実話をベースに作られた映画。天才DJ、フランキー・ワイルド。スペイン、イビザ島のクラブを中心にヨーロッパ全土で活躍したそう。そんな彼が突然聴力を失ってしまう。多かれ少なかれ聴力の低下はDJの宿命でもあるんですねぇ。切ない。左耳に残る僅かな聴力と補聴器で必死にレコーディングしていた。
出来上がりを聴いてミュージシャンがあまりの出来の悪さに怒り出す。その行為が・・・最後に残る僅かな聴力を奪い去ってしまうことになる。お金が稼げなくなったフランキーをさっさと捨てて出て行ってしまう妻。酒・ドラッグ・・・そして幻覚・・・・以前観たブライアン・ジョーンズの映画と同じだ。
最低の、心の破壊した状態から、何がきっかけだったのか・・・持っていたコカインを全部トイレに流し、向かった先は読唇術の教室。そこで再起を助けることになる女性・ペネロペと出会う。
そして音楽を聴くということから感じる、肌で、目で・・・そして独自の方法を編み出し、クラブに帰ってきた。そして最終的に彼が選んだ道はペネロペとの静かな生活。

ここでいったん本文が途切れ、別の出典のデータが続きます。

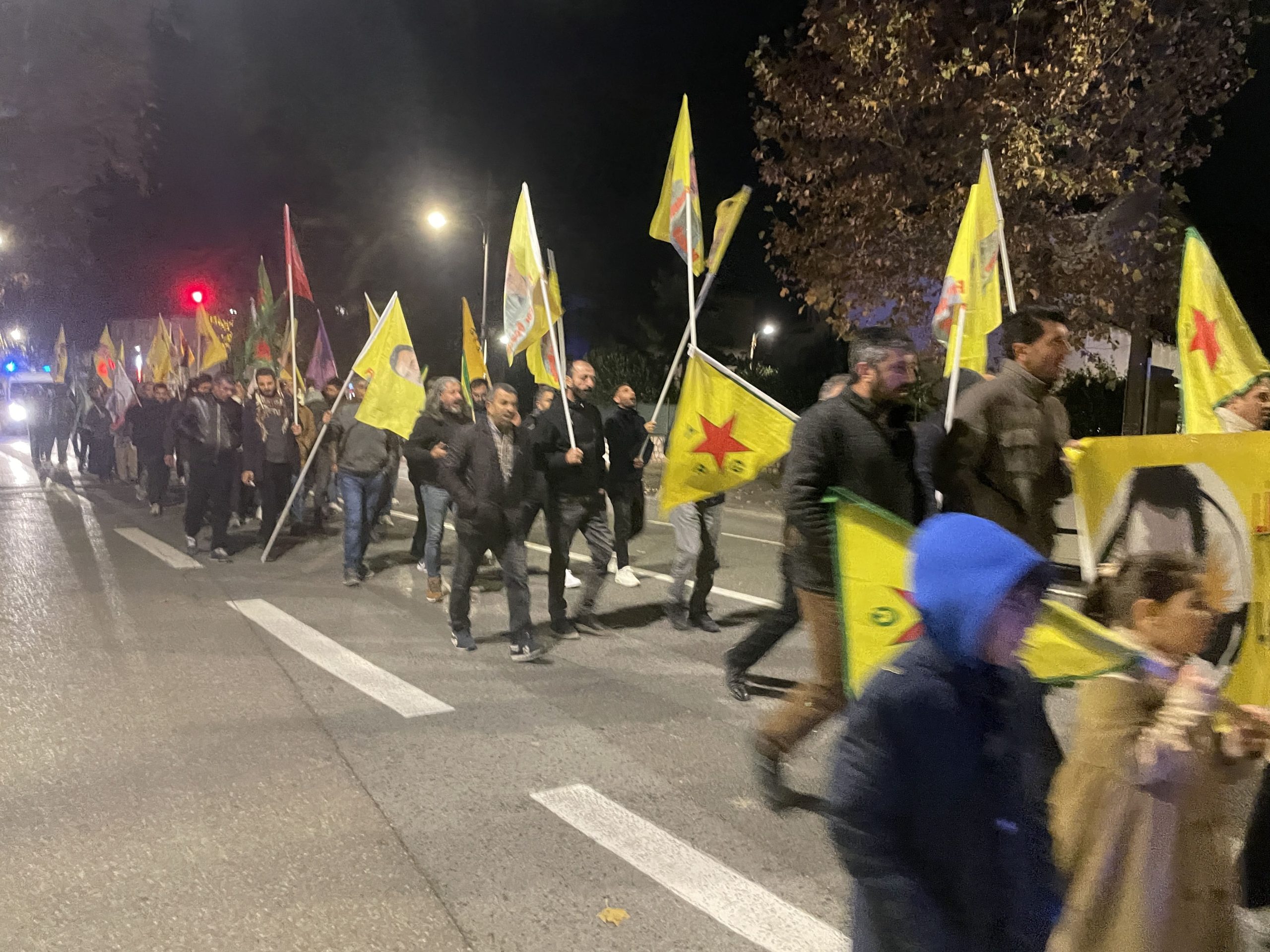 Yürüyüşte sık sık Rojava’ya yönelik saldırılara karşı Kürtçe, Fransızca ve Türkçe bilgilendirme konuşmaları yapıldı ve “Bijî Serok APO”, “Bê Serok Jiyan Nabe” ve “Bijî Berxwedana Rojava” sloganları atıldı.
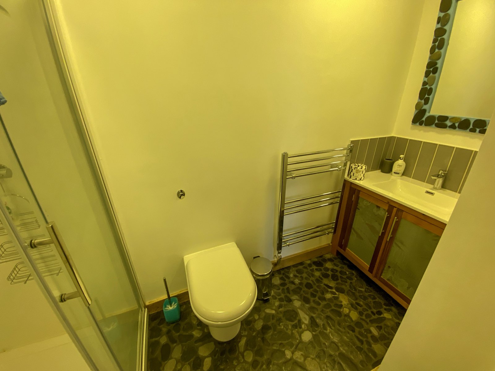 Quirky en suite bathroom comprising of bespoke pebble set flooring with underfloor heating, vanity wash basin, double shower unit and WC.

今はどうしているのか分からないらしい。ロンドンで小さなレコード店を営んでいるとか、既にドラッグの影響で亡くなってしまったとも・・・

人間て五体満足がいいに決まっている。
でもそれはあくまでも生活するうえで便利ってことではないだろうか?
私の患者さんで目の見えないおじ様がいる。病気がきっかけで視力の急激な低下がおこり、つい2年位前までは少なからずも少ーしは見えていたけれど今は完全に見えないらしい。でも彼は、道路に止まっている車の存在をある程度の距離のところからでも感じることができるようになってきたと仰っていた。エンジンをかけずに、只駐車してあるだけの車。

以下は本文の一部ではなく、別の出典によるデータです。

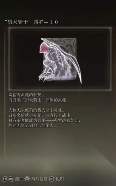44、猎犬骑士弗罗(消耗专注95) 获取方式: 格密尔英雄墓地打败BOSS后获得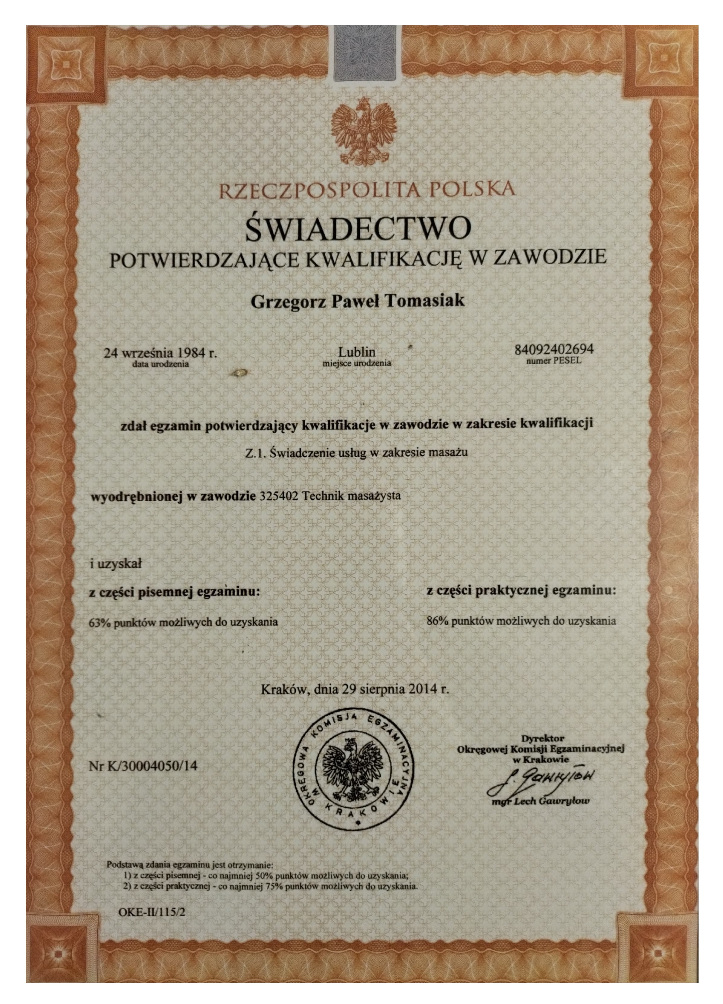 Posiadam 10-letnie doświadczenie oraz liczne ukończone kursy i certyfikaty, które potwierdzają moją wiedzę i umiejętności w dziedzinie masażu i fizjoterapii. Dzięki ciągłemu doskonaleniu umiejętności jestem w stanie zapewnić pacjentom kompleksową i skuteczną opiekę.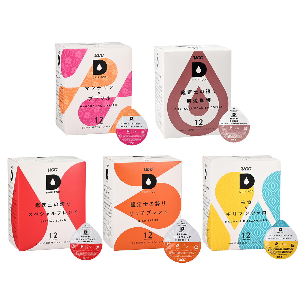 [アレルギー物質特定原材料8品目] なし [内容量] 84g(7g×12個) ※この商品には専用の抽出マシンが必要となります [保存方法] 開封前:直射日光、高温多湿をさけてください 開封後:できるだけ早めにお召し上がりください [お召し上がり方] 専用抽出マシンの湯量を1(70ml)に合わせ、グラスに氷をたっぷり入れ、コーヒー抽出モードを選択してドリップすることをおすすめしますが、お好みに応じてご調整ください [注意事項] ※この商品には専用の抽出マシンが必要となります。それぞれのマシンの使用方法については、取扱説明書をご覧ください ※マシンの説明書に従って正しく安全にお使いください ※コーヒーを抽出する際、火傷にご注意下さい ※ポッド天面部の色のついた点はコーヒー粉が挟まったものです。安心してお召し上がり下さい [原料原産地] コーヒー豆(生豆生産国名:ブラジル、ベトナム) [原産国] 日本 [セット内容] ・UCC ドリップポッド カプセル スペシャルブレンド ・UCC ドリップポッド カプセル リッチブレンド ・UCC ドリップポッド カプセル マンデリン&ブラジル ・UCC ドリップポッド カプセル モカ&キリマンジァロ ・UCC ドリップポッド カプセル 炭焼珈琲 [原材料] コーヒー豆(生豆生産国名:ブラジル、ベトナム) [原材料] コーヒー豆(生豆生産国名:ブラジル、ホンジュラス) [原材料] コーヒー豆(生豆生産国名:インドネシア、ブラジル) [原材料]コーヒー豆(生豆生産国名:エチオピア、タンザニア) [原材料] コーヒー豆(生豆生産国名:ブラジル、ベトナム)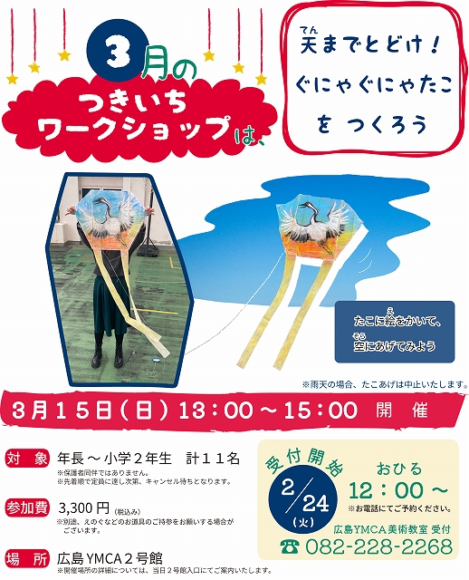 【予約開始】お電話にて 2月24日(火) おひる12:00〜 (082)-228-2268 美術教室受付 広島YMCA 美術教室 【受付時間】月〜土 10:00〜18:00 |

近づくと肌に当たる空気の流れが違うんだとか・・・私はその話を聞いた時に涙が出るほどに感動した。人の感性ってそれほどまでに研ぎ澄まされるものなのだと・・・
ある意味、目も見えて、耳も聞こえてという状況って不幸な時もあるんだと。わたしが凄く羨ましいと申し上げたら、大きな声で笑いながら『先生は変わり者だねぇ、でも僕が思うにそんな風に仰る先生ってなかなかなんじゃないですか』って、またまた嬉しかった。
全然違うし、無理なんだけど私自身、少しでも感性を研ぎ澄ませたいといつも願っている。
何故って・・・人と接していても感じ方が全然違うと思うし、音楽や映画を観たり聴いたりしても情報として入ってくるもの以外に肌や、身体に伝わってくる振動を体感することで感じたいっていつも願っているから。

時々思う。私が映画やコンサートなどにやたらに行くのは、もちろん大好きだからに決まっているのだけれど、そんな感覚を風化させたくないという危機感からのような気もする。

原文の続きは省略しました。